Global Macro Database
A public macroeconomic data product that packages long-run international data, quarterly releases, documentation, and research-ready access into one workflow.
Global Macro Database reads less like a personal tool and more like a public data product. The live site leads with a clear promise: the world's most comprehensive macroeconomic dataset, distributed through data files, packages, documentation, GitHub, and an academic paper.
The article therefore needs a data-product structure: release signal, coverage metrics, source pipeline, access modes, and citation requirements.
Data, Code, and Citation
The public website and repository contain the latest data, documentation, packages, release notes, source code, and citation guidance.
The Release Page Is the Interface
GMD is not a static spreadsheet. The live site frames it around a current release, update notes, download paths, paper, documentation, and GitHub.
The update adds eleven new data sources, two new consumption variables, improved government finance ratio splicing, and feature parity across the Python, R, and Stata packages.
A Pipeline for Removing Data Friction
The project exists because macro data is scattered, inconsistent, and expensive to harmonize before analysis can even begin.
The live site describes the bottleneck plainly: users can spend weeks cleaning, harmonizing, and combining data before doing analysis. GMD moves that work into a systematic pipeline for downloading, cleaning, combining, documenting, and releasing data.
IMF, World Bank, OECD, UN, BIS, and other contemporary sources give modern coverage.
Yearbooks, archives, handbooks, and academic datasets extend selected series far back in time.

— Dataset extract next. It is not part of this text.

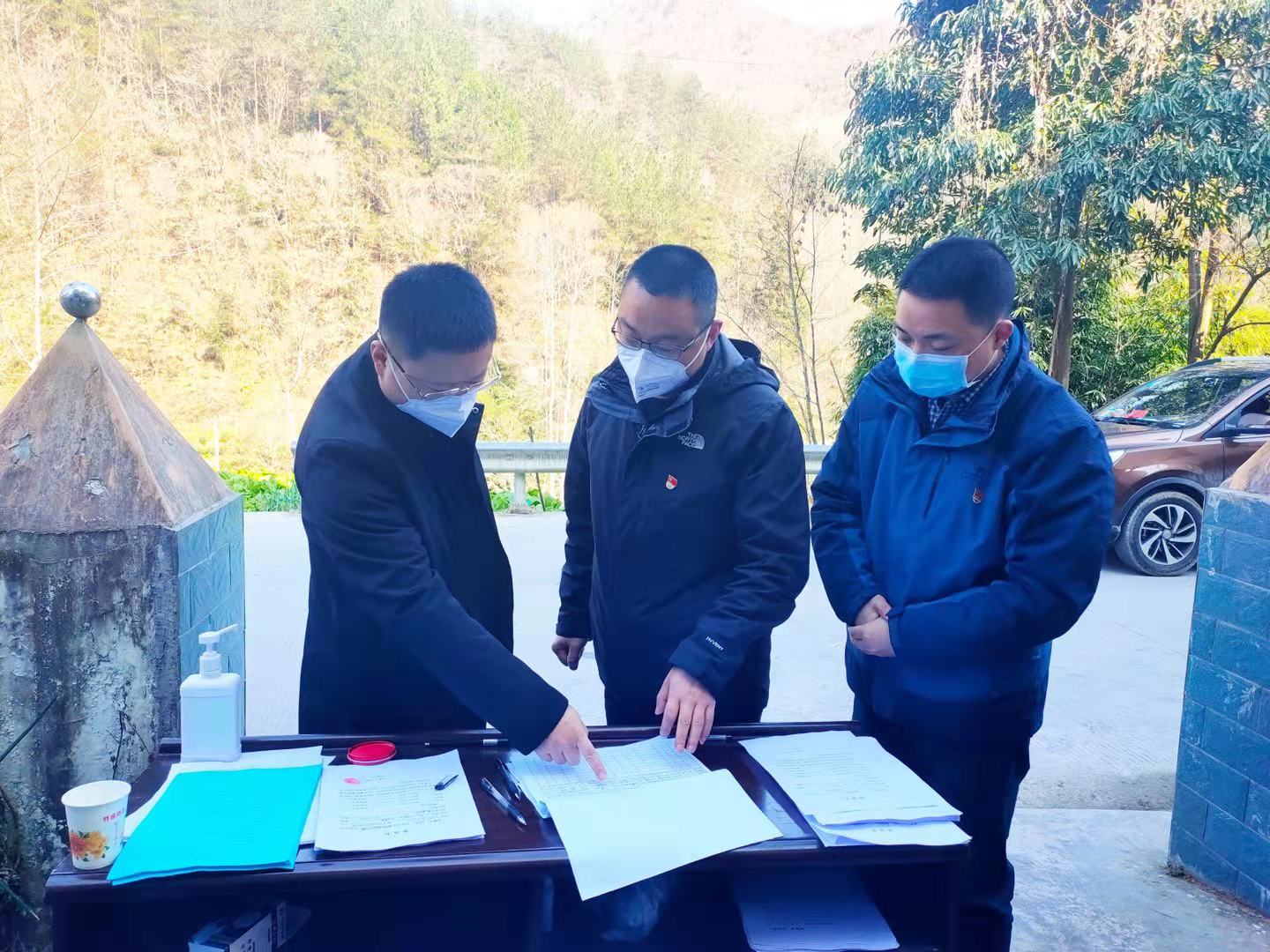 平武縣委常委、組織部部長陳旭(左一)在防控監測點檢查工作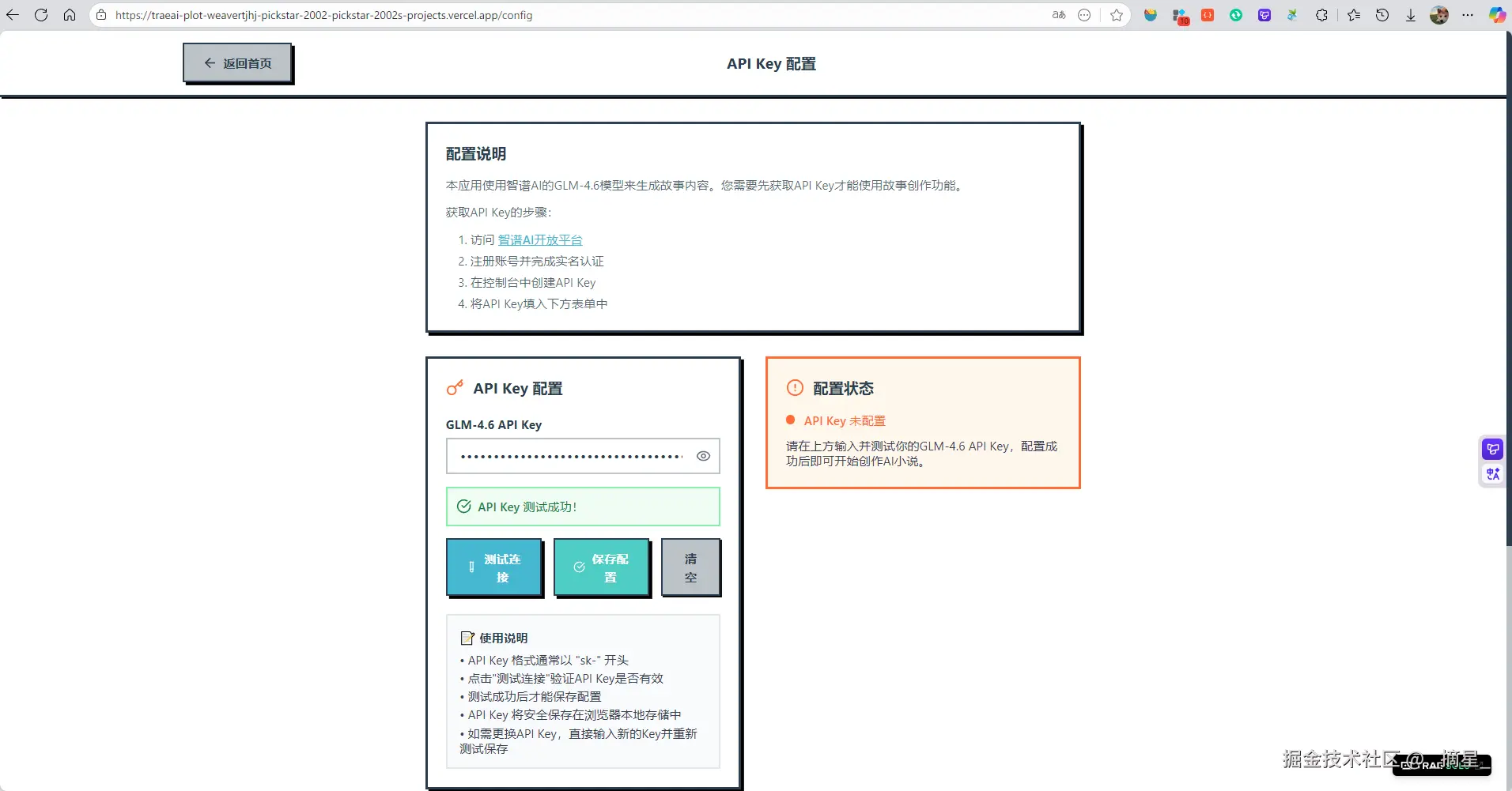 | API Key配置页面 | 本地存储 | 将API Key保存到localStorage,包含保存确认和清除功能 |

Definitions, source ranking, splicing, and metadata turn source fragments into usable series.
Research-Ready Access Paths
A dataset becomes infrastructure when it fits the tools researchers already use.
CSV, Excel, and Stata files support direct inspection, teaching, replication, and offline workflows.
Python, R, and Stata packages let researchers pull GMD into analysis pipelines without manual download steps.
Technical documentation explains variables, sources, construction choices, and limitations.
The live site presents the data as free for non-commercial use under CC BY-NC-SA 4.0, with citation required.
Citation Is Part of the Product
Because GMD updates quarterly, the site asks users to cite the exact version they used.
This matters for reproducibility. If a dataset changes over time, a paper or report should point to the version that generated the results, not just the project name.
@techreport{GMD2025,
title = {The Global Macro Database: A New International Macroeconomic Dataset (Version 2026-03)},
author = {Müller, Karsten and Xu, Chenzi and Lehbib, Mohamed and Chen, Ziliang},
institution = {National Bureau of Economic Research},
number = {33714},
year = {2025},
doi = {10.3386/w33714}
}GMD is one of the most systematic projects I have participated in: a way to make macroeconomic history easier to study, compare, teach, and replicate.